Because of its structure, proline prevents the peptide chains from assuming an α-helix conformation and thus the hinge region remains extended.
And the peptide bonds of the hinge region are accessible to the proteolytic enzymes shown below:
Antigen binding site:
Within the variable region of both Light and Heavy chain (VL and VH), amino acids at reversal positions are often substituted and at certain points, the substitution is at a notably higher frequency. These high frequency-regions are termed as “hyper-variable regions” or “hot spots”. Three regions on the Light (VL) chain and three on the Heavy (VH) chain lie relatively close to each other to form the antigen binding site.

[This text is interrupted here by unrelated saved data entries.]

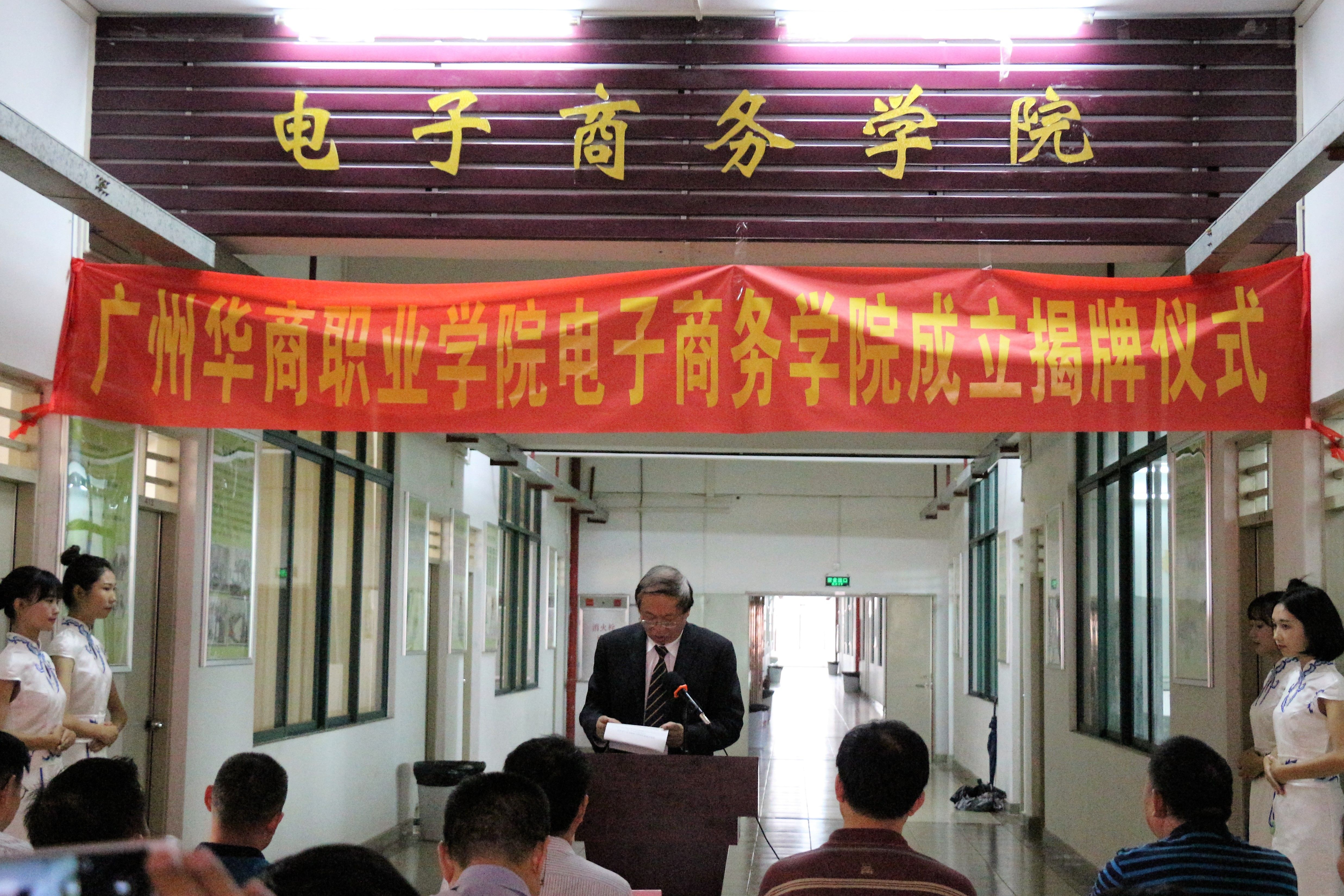 首先,王乐夫院长宣读广州华商职业学院关于电子商务学院成立的决定,并与电子商务学院院长祁建为电子商务学院揭牌;随后中国职业技术教育学会国际商务教育研究会跨境电子商务专业委员会常务副主任郑江敏发表讲话;接着,电子商务学院院长祁建就目前电商形式进行发言;最后,行业代表徐龙副主任、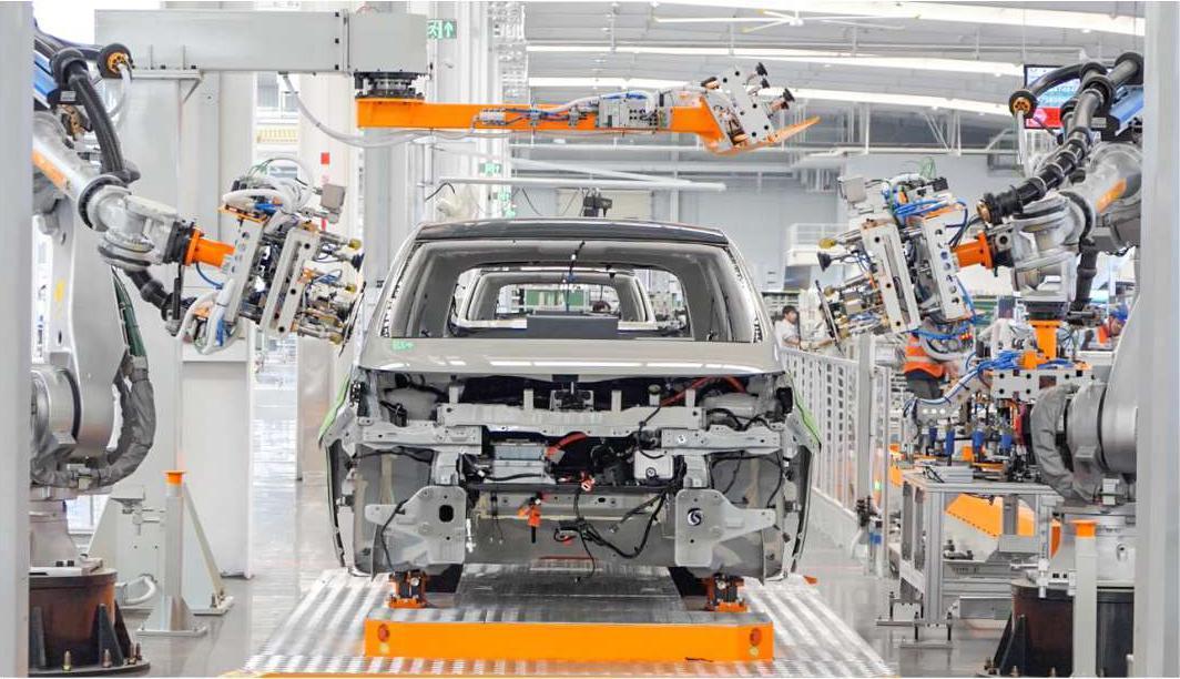 上汽通用五菱的岛式精益智造工厂,机器人参与造车。(资料图)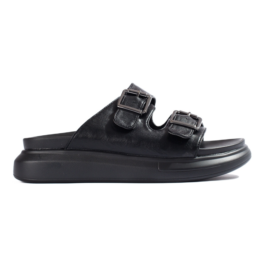 Fabricat 100% din imitatie de piele, atat la exterior cat si la interior, asigura confortul la purtare si usor de curatat. Călcâiul deschis și închiderea slip-on cu cataramă elegantă fac să purtați și să scoateți șlapii o plăcere pură și, în același timp, le adaugă stil.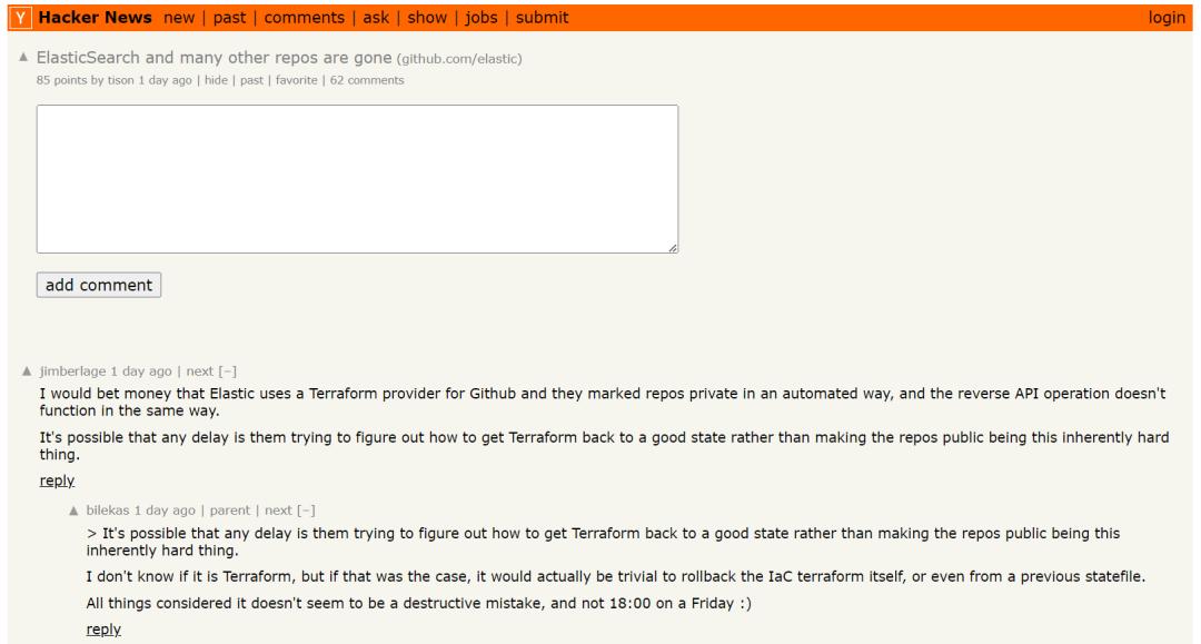 对于此次事故更详细的原因,有网友猜测,Elastic 使用的是针对 GitHub 的 Terraform 提供程序,并且他们以自动化的方式将仓库标记为私有,而反向 API 操作则无法以相同方式执行。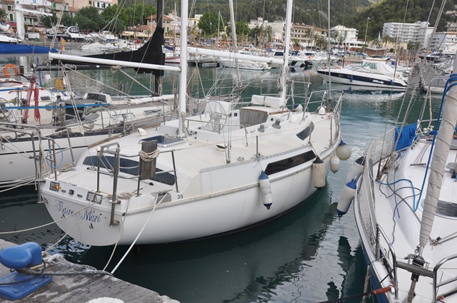 När vi kom in i Puerto Sóller hade vi ett lätt duggregn. Vi hade bestämt att ligga några nätter i hamn. Vilket bemötande vi fick! Denna och Almerimar är de trevligaste hamnarna vi varit i hittills. Marinero som möter oss i en jolle och visar oss vart vi ska. När vi backar in mot bryggan står han beredd att ta emot våra tampar. Flickan på hamnkontoret var precis lika trevlig och tillmötesgående. Så Marina Tramuntana de Puerto Sóller kan jag varmt rekommendera. Även om de var lite dyra. I Piloten står det fel web-adress den rätta är www.marinatramontana-portdesoller.es/ annars så ropar man upp dem på kanal 9 på VHFen.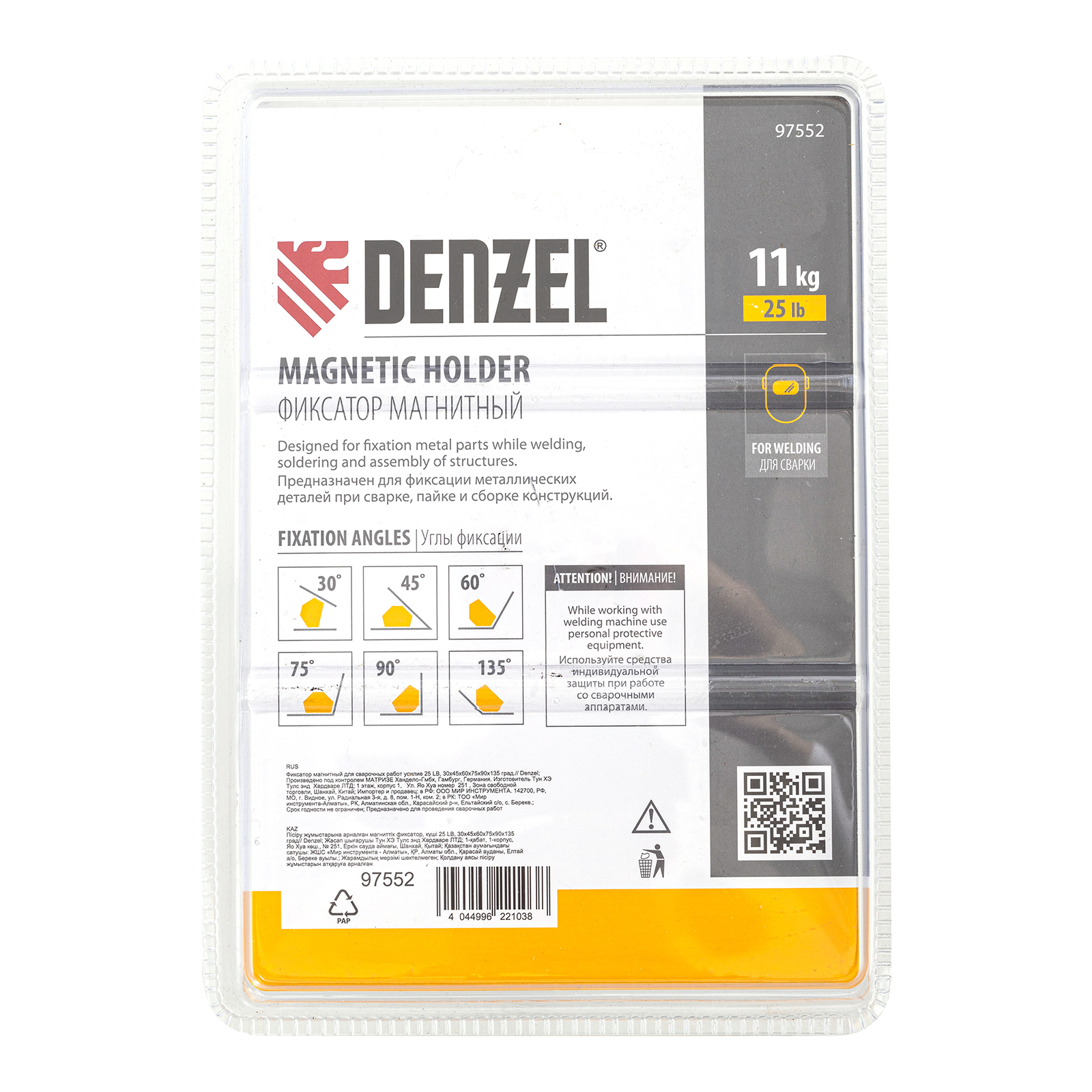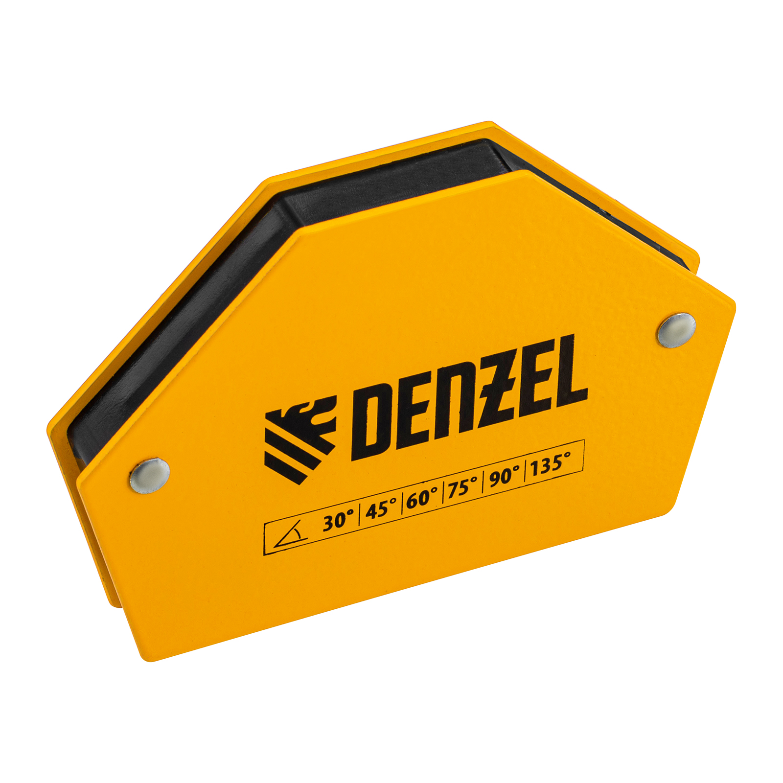 Фиксатор магнитный Denzel 97552 выдерживает усилие 25 LB (11 кг), позволяет соединять металлические детали разного размера под углом 30°, 45°, 60°, 75°, 90° и 135° и используется при проведении сварочных работ.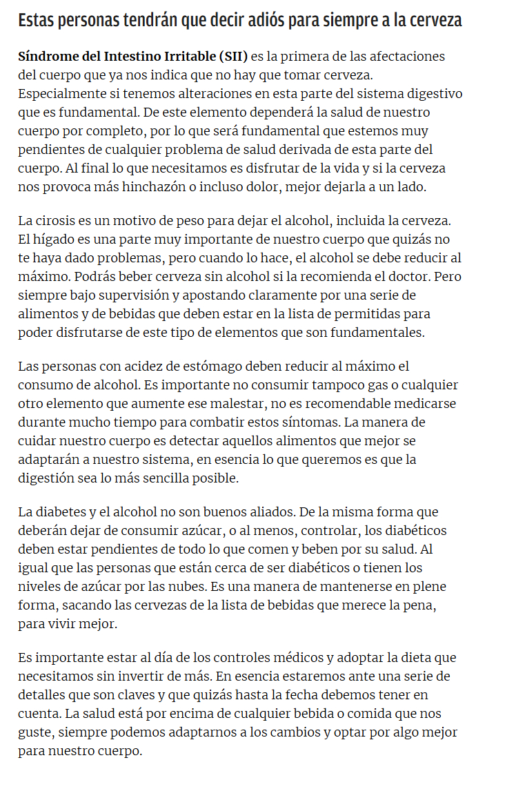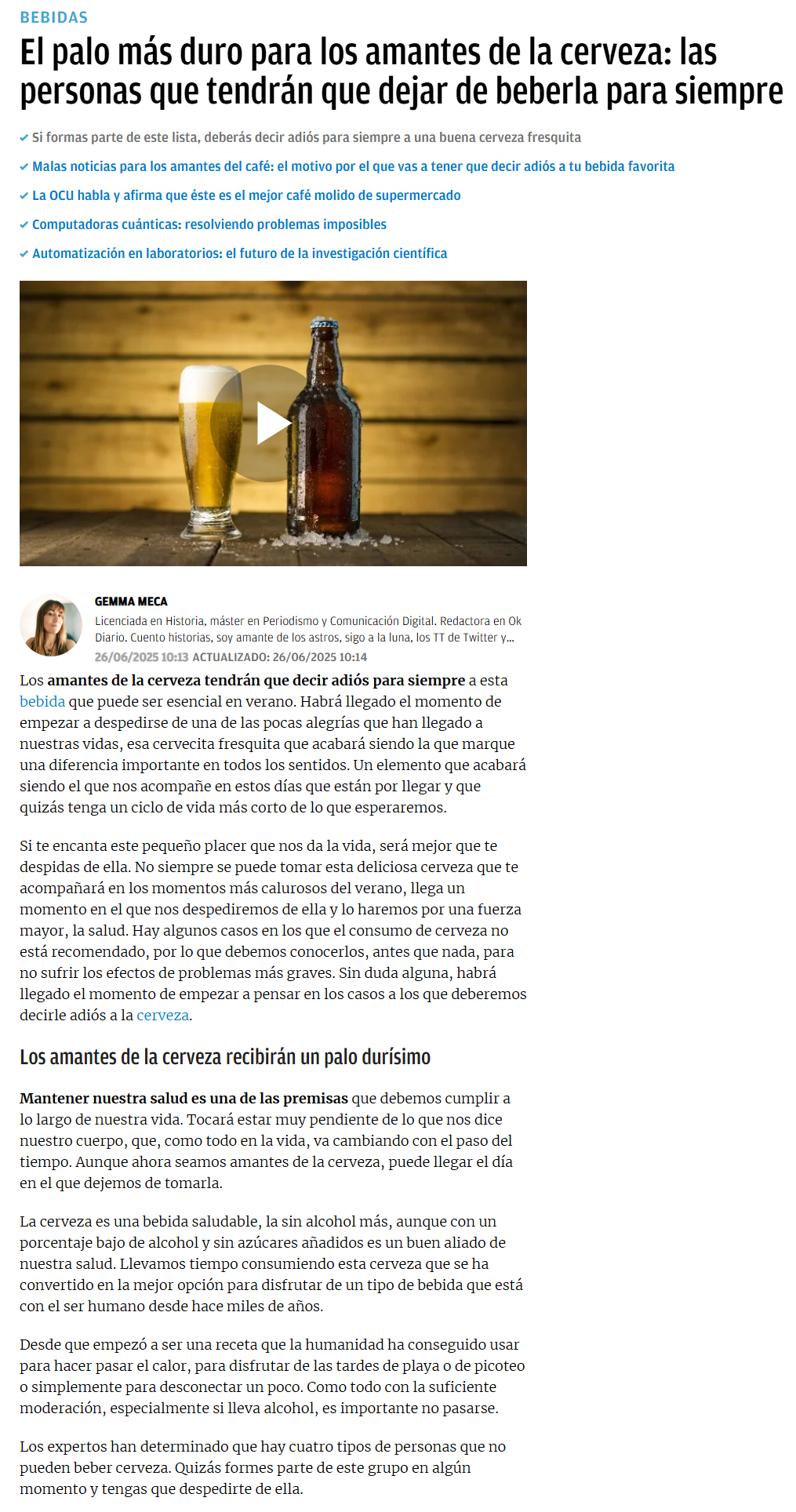 Te invito a leer la noticia "El palo más duro para los amantes de la cerveza: las personas que tendrán que dejar de beberla para siempre " en Update Comunica. https://updatecomunicaciones.cl/update/noticia/286783 Atentamente,

Each hyper-variable region consists of five to ten amino acid residues. As the hyper-variable regions determine the combinding sites for antigenic determinant, that’s why they are also termed as complementarity-determining regions (CDRs). The variable sequences on either side of the hyper-variable regions termed as framework regions (FRs). Thus each variable (V) region consists of three CDRs and four FRs.
Proteolytic digestion of Immunoglobulin:
Immunoglobulin fragments produced by proteolytic digestion have proven very useful in elucidating structure /function relationships in immunoglobulin. Poster (1962) demonstrated that Pepsin digestion of IgG molecules produced three fragments, of which two are identical (each with a MW. 45,000 dt/45kd), each having a specific binding site for Ag and these two fragments were termed as Fab (fragment antigen binding) and the third segment (Mw. 50,000 dt/50kd) did not have combining site for Ag and also was found to crystallize during cold storage. This fragment was termed as Fc (fragment crystalliable).
But when pepsin proeolytic enzyme was administered, interestingly it was found that pepsin-digestion generated a single 100,000 dt. MW. fragment composed of two Fab-like segments and designated as F(ab’)2, able to precipitate Ag. But Fc fragment was not recovered from pepsin digestion because it had been digested into multiple Fc-fragments (F/Fc‘).